2. `guess_max`: In the documentation for `read_csv` you see that the function uses the first 1,000 observations from a data frame to determine the classes of each variable. However, in this data frame, we have numeric data within the first 1,000 rows, but then something like `"8 or more"` in later rows. Therefore, without specifically telling R to scan all rows to determine the variable class, we would end up with some warnings when loading the data (`Warning: One or more parsing issues`). Feel free to experiment with this by removing the `guess_max` argument.
3. `select`: In this Activity, I know which variables you will be using from the data, so I simply select those to help focus your work. This is extremely helpful when working with large data sets. Now, you might be wondering how you would know ahead of time which variables you will be working with. Valid and you probably won't know. However, once you make up your mind, you can always go back and add a `select` so that from that point on you can benefit from faster computation in your analysis.
## Education
Our variable of interest for this Activity is going to be `educ` which is the number of years of education the respondent has completed.
Plot a histogram of `educ` with an overlaying density.
Comment on the center, spread, and shape.
**Response**:
Suppose we're interested in making inference about the typical number of years of education that a person has completed and this is our representative sample.
Is the mean a good statistic to use here to describe the typical value of salary?
Why or why not?
**Response**:
Recall from your introductory statistics course that a one-sample *t*-test requires that the sample mean is Normally distributed.

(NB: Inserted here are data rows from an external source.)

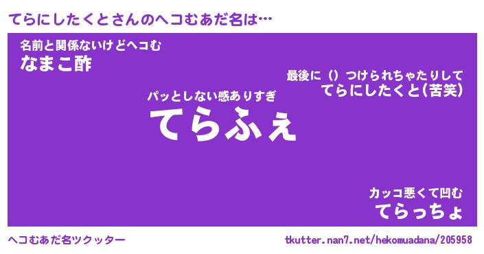 | 欧米人風あだ名 | 『マイケルてらにしたくと』 |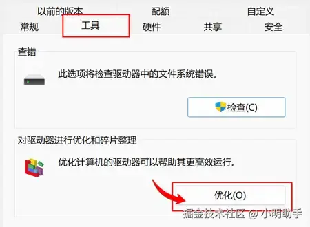 在【此电脑】里选中文件较多的磁盘,操作鼠标后按下右键点击【属性】,在上方选择【工具】,点击【优化】的按钮。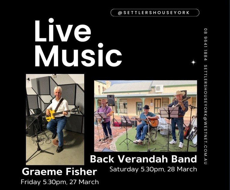 Live Entertainment at Settlers House - 27 & 28 March Friday 27th March 2026 (Multiple Dates Between Friday 27th March 2026 & Saturday 28th March 2026) Event Details Time: 5:30PM - 9:00PM Location 125 Avon Tce, York WA Venue Settlers House Cost: Free Live entertainment Category: General Type: General Audience: All Ages Enquiries Organisation: Settlers House York Position: Event Co-ordinator Phone: 08 9641 1884 Email: settlershouseyork@westnet.com.au Event Date(s) Friday, 27 March 2026 | 5:30PM - 9:00PM Saturday, 28 March 2026 | 5:30AM - 9:00PM Back to All Events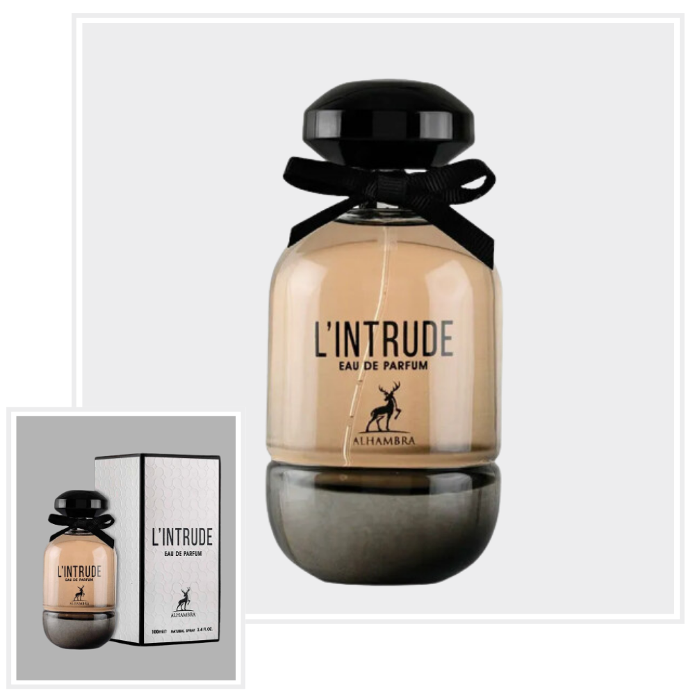 L'Intrude marki Maison Alhambra to kwiatowe perfumy dla kobiet. Nutami głowy są Gruszka i Bergamotka; nutami serca są Tuberoza, Kwiat pomarańczy i Jaśmin wielkolistny; nutami bazy są Ambroksan, Paczula, Wanilia i Wetyweria.

Does this assumption seem reasonable for the mean number of years of education?
Why or why not?
***Response**:
Since our sample size is so large, the distribution of the *sample mean* is approximately Normal (the CLT!).

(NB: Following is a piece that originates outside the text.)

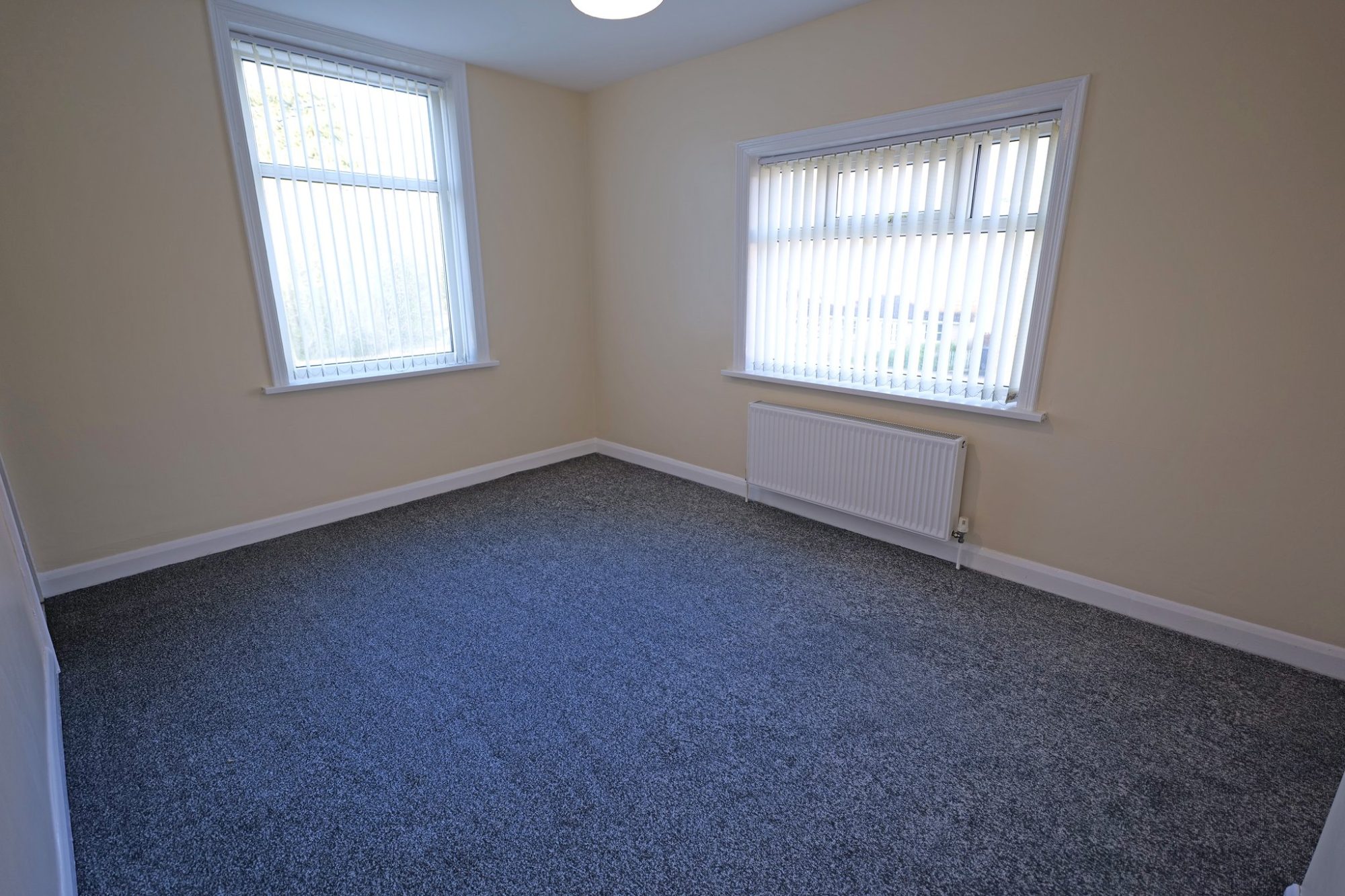 This double room has two pvc double glazed windows, a radiator and an understairs storage area.

The `t.test` function can be used to do a one-sample *t*-test and to find a 90% confidence interval for the mean number of years of education that US adults complete.
Use this function to construct a 90% confidence interval for the mean number of years of education that US adults complete.
**Response**:
### Bootstrapping
Before we get too far, there are a number of missing values within `gss$educ`.
In order to make sure that we are bootstrapping observations for which we have data, we will first filter for non-`NA` values and create a new data frame.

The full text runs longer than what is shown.